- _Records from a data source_
::::

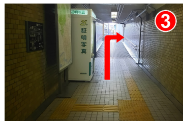
突き当たりを右に曲がります。
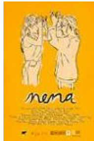
NENA Dirección y guion: Alauda Ruiz de Azúa Producción: Encanta Films
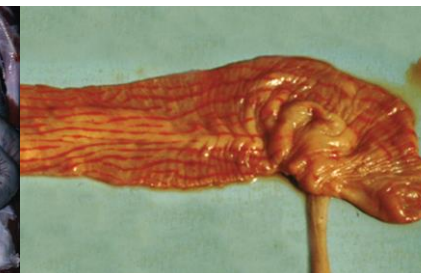
Толстая кишка, с полосами кровоизлияний («полоски зебры») на складках слизистой оболочки.
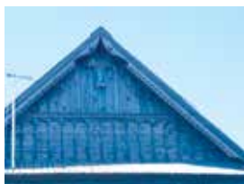
Фронтон тәрәзә. Майлы Күл
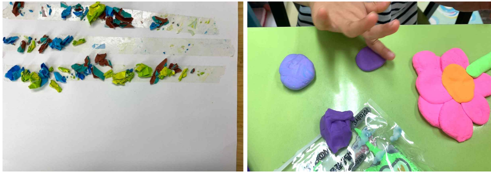
[그림 IV-5] 클레이로 만들어요
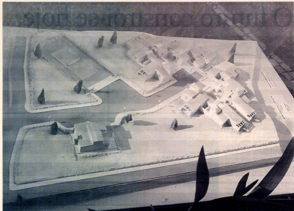
COMPLEXO turístico da Batalha

çar as estruturas das habitações principalmente nas zonas mais sísmicas. Teria de haver um planeamento imediato destas estruturas para que se faça uma prevenção adequada. Posteriormente, o Governo deveria incentivar as pessoas, mesmo concedendo apoios, para reforçarem e melhorarem as suas casas.
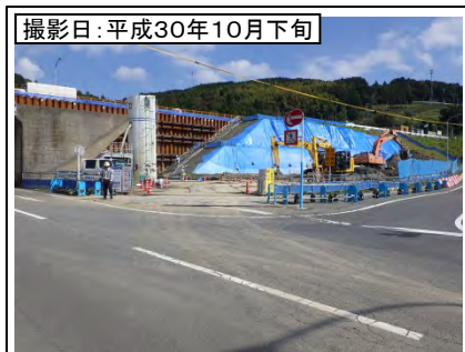
②菊川IC付近(東京方面を望む)
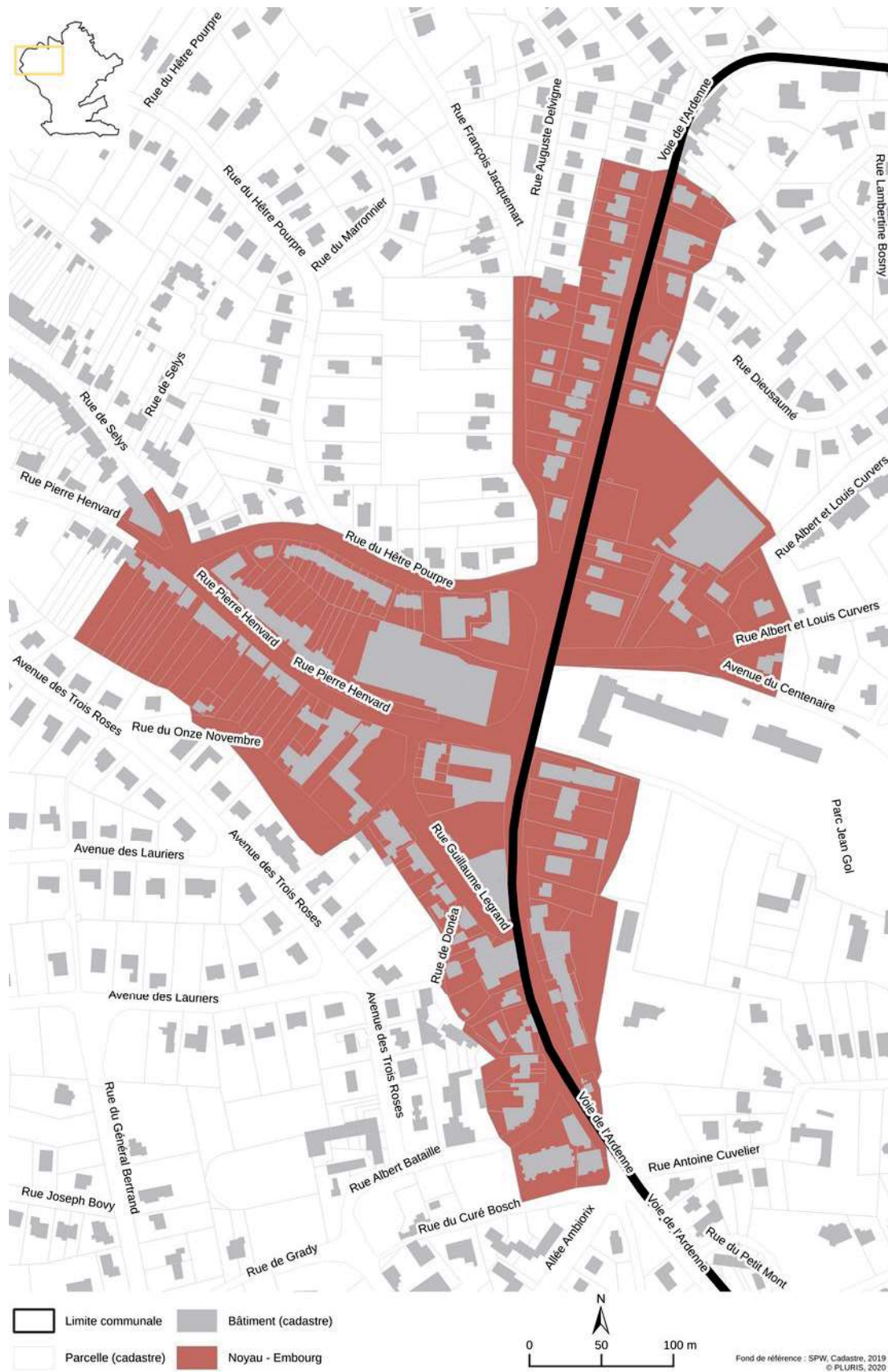
Noyau - Embourg
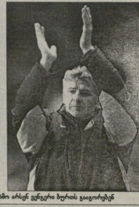
სამატიონი გუნდის ბოლო და უკიდურესი ოცნება ვიდეო კვირის გამოცხადებით
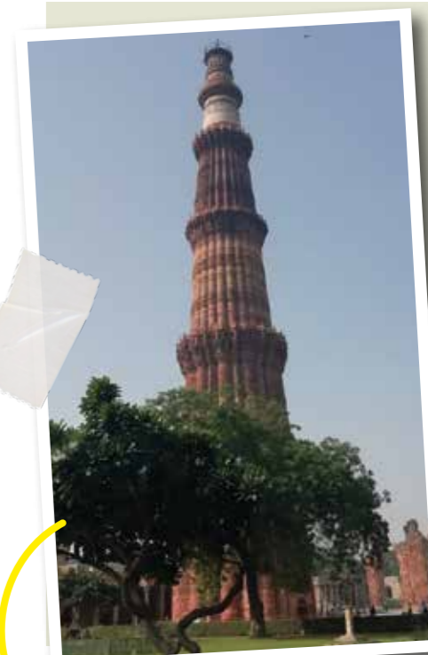
Le Qutb Minar : le plus haut minaret en brique du monde !
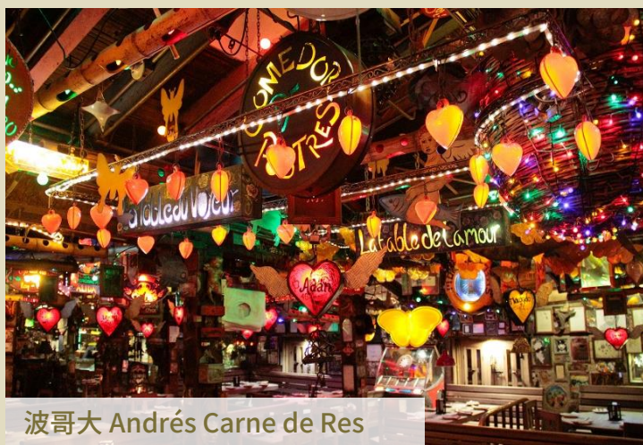
波哥大 Andrés Carne de Res
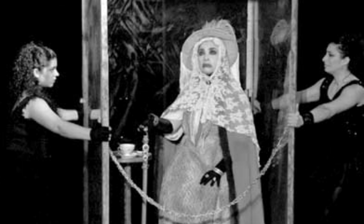
Grupo Folias.
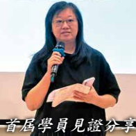
首屆學員見證分享
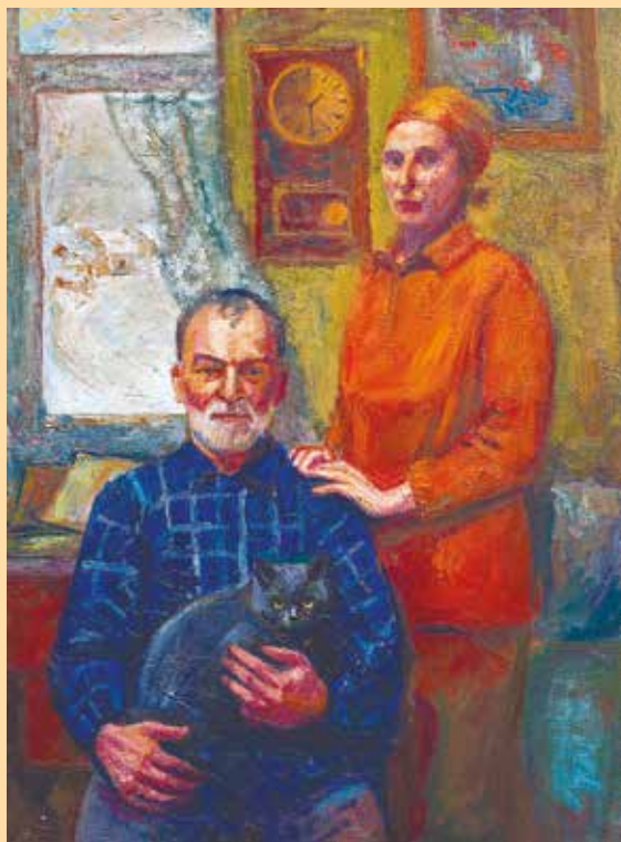
«Деревня за окном». 2010 год
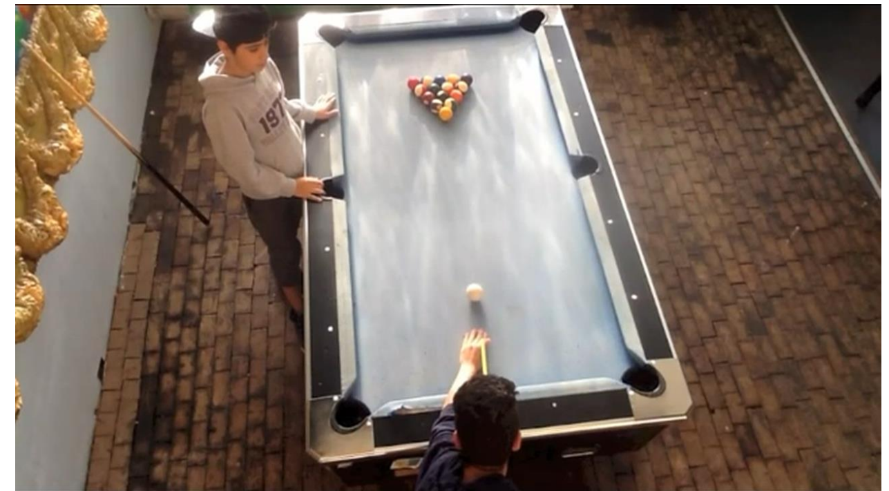
Unsere Heimat (1:26)
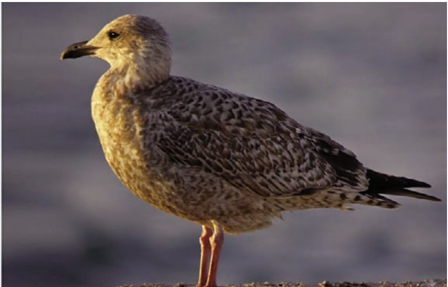
Foto 4. Gavina atlàntica Larus argentatus (Herring Gull), ocell de primer any. Port de Palma, octubre de 2009.
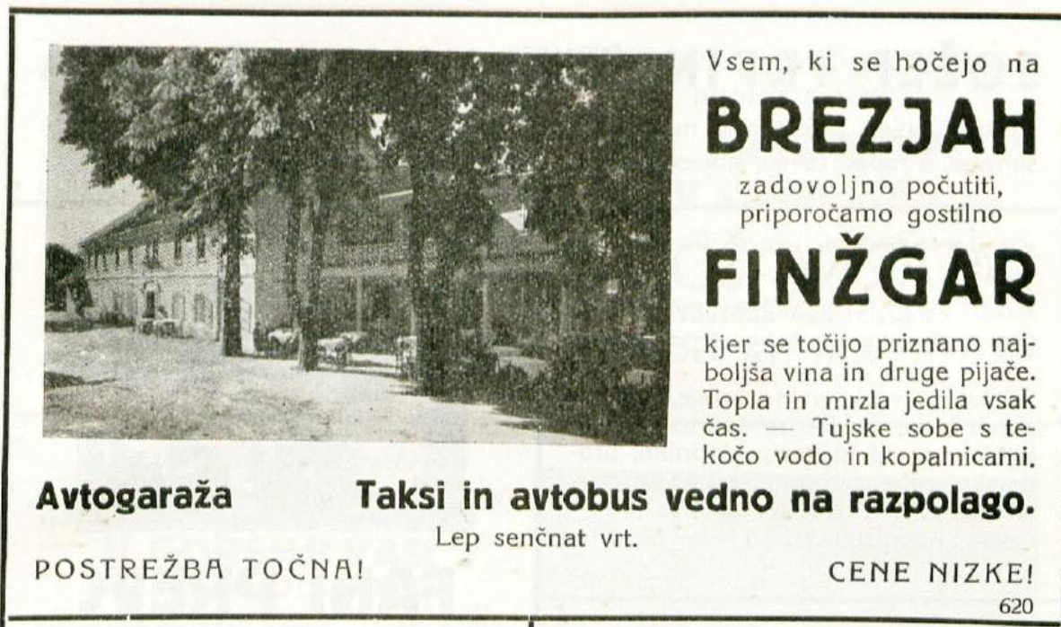
Oglas gostilne Finžgar, 1931
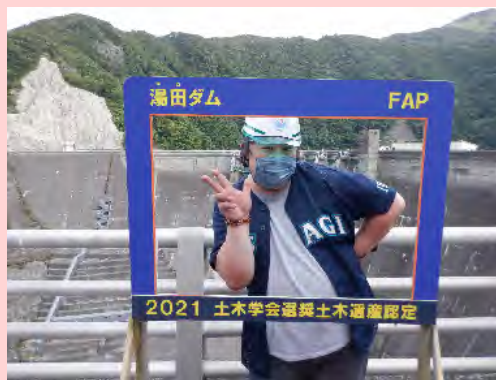
道の駅 錦秋湖の名物店長さん

湯田ダム建設時にも大きな協力をいただいた西和賀町のみなさまに感謝し、今後も適切にダム管理をしてまいります。
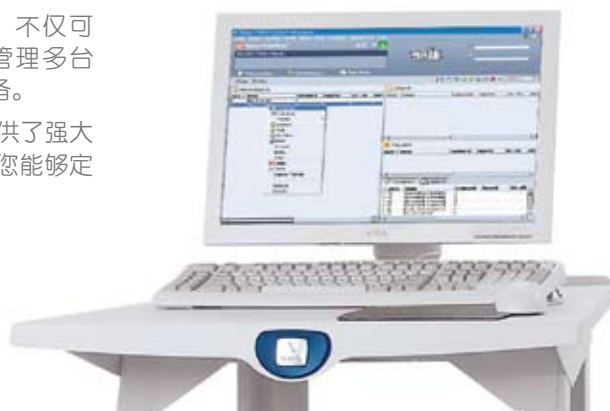
FreeFlow Print Server
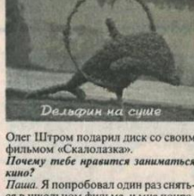
Дельфин на сучье
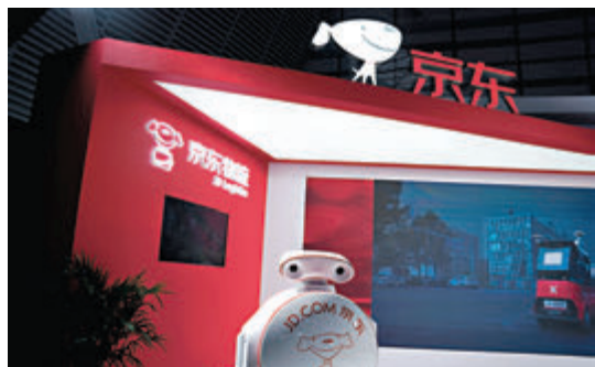
■ 京東是試點中首個接入數字人民幣的電商。

京東集團(9618)旗下金融科技子公司——京東數科前日在其官方公眾號稱，此次試點支持在京東商城購物時

::::

- _Task instructions_
Each line of the data needs to be output exactly, with any image excluded.

- _Task solution_
突き当たりを右に曲がります。
NENA Dirección y guion: Alauda Ruiz de Azúa Producción: Encanta Films
Толстая кишка, с полосами кровоизлияний («полоски зебры») на складках слизистой оболочки.
Фронтон тәрәзә. Майлы Күл
[그림 IV-5] 클레이로 만들어요
COMPLEXO turístico da Batalha

çar as estruturas das habitações principalmente nas zonas mais sísmicas. Teria de haver um planeamento imediato destas estruturas para que se faça uma prevenção adequada. Posteriormente, o Governo deveria incentivar as pessoas, mesmo concedendo apoios, para reforçarem e melhorarem as suas casas.
②菊川IC付近(東京方面を望む)
Noyau - Embourg
სამატიონი გუნდის ბოლო და უკიდურესი ოცნება ვიდეო კვირის გამოცხადებით
Le Qutb Minar : le plus haut minaret en brique du monde !
波哥大 Andrés Carne de Res
Grupo Folias.
首屆學員見證分享
«Деревня за окном». 2010 год
Unsere Heimat (1:26)
Foto 4. Gavina atlàntica Larus argentatus (Herring Gull), ocell de primer any. Port de Palma, octubre de 2009.
Oglas gostilne Finžgar, 1931
道の駅 錦秋湖の名物店長さん

湯田ダム建設時にも大きな協力をいただいた西和賀町のみなさまに感謝し、今後も適切にダム管理をしてまいります。
FreeFlow Print Server
Дельфин на сучье
■ 京東是試點中首個接入數字人民幣的電商。

京東集團(9618)旗下金融科技子公司——京東數科前日在其官方公眾號稱，此次試點支持在京東商城購物時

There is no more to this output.